Original title
ha-ha. As we all know, intermarriage is not allowed within five clothes, that is, if the nearest common ancestor of two people is within five generations (i.e. myself, parents, grandparents, great grandparents and high grandparents), they cannot intermarry. Please help a couple to judge whether they can get married or not?
Input format:
Enter the first line to give a positive integer N (2 ≤ N ≤ 10 ^ 4), and then N lines.

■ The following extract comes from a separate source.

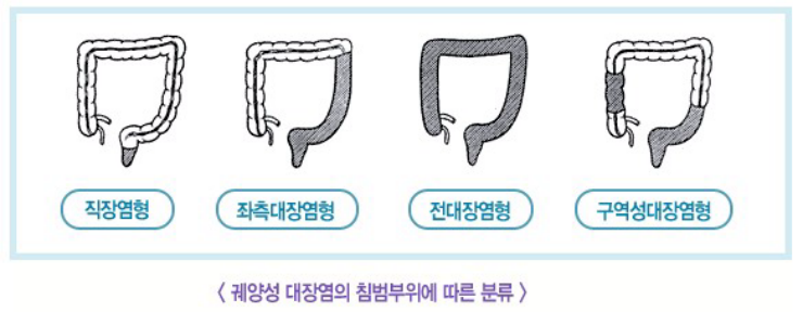 궤양성 대장염은 대장점막에 다발적 궤양이 발생하고 점막이 충혈되거나 붓는 질환입니다. 크론병은 대장 외의 장기에도 발생할 수 있는 것이 특징입니다.
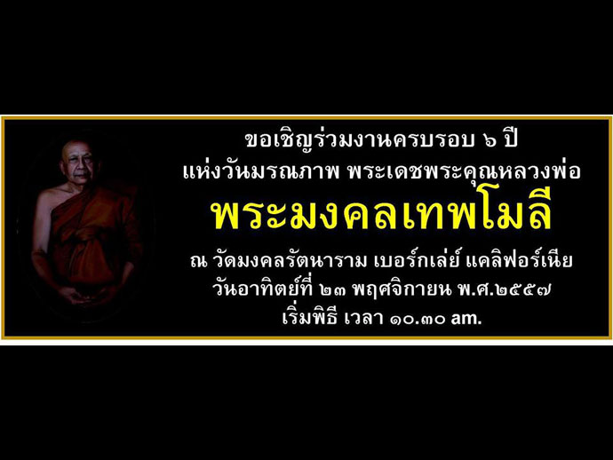 นิมิตตัง สาธุ รูปานัง กตัญญู กตเวทิตา ความกตัญญูเป็นเครื่องหมายของคนดีฯ ขอเรียนเชิญศิษยานุศิษย์ และสาธุชนทั่วไปในเบย์แอเรีย ร่วมทำบุญเนื่องในโอกาสวันครบรอบวันมรณภาพของ พระเดชพระคุณหลวงพ่อพระมงคลเทพโมลี อดีตเจ้าอาวาสวัดมงคลรัตนาราม เบิร์กเล่ย์ อาทิตย์ที่ 23 พฤศจิกายน ณ วัดมงคลรัตนาราม เริ่มเวลา 10:00 AM พระสงฆ์ 10 รูปเจริญพระพุทธมนต์ ทอดผ้าบังสุกุล และถวายภัตตาหารเพลตามลำดับ อย่าลืมนะครับ ใครมีอาหารหวานคาวก็มาร่วมทำบุญกันเป็นการรำลึกถึงและแสดงออกซึ่งความกตัญญูกตเวที

Each line gives a person's information in the following format:
My ID gender father ID mother ID
The ID is 5 digits, which is different for each person; Gender M stands for male and F for female. If a person's father or mother is no longer available, the corresponding ID position is marked with - 1.
Next, a positive integer k is given, followed by K lines. Each line gives a pair of lover ID S separated by spaces.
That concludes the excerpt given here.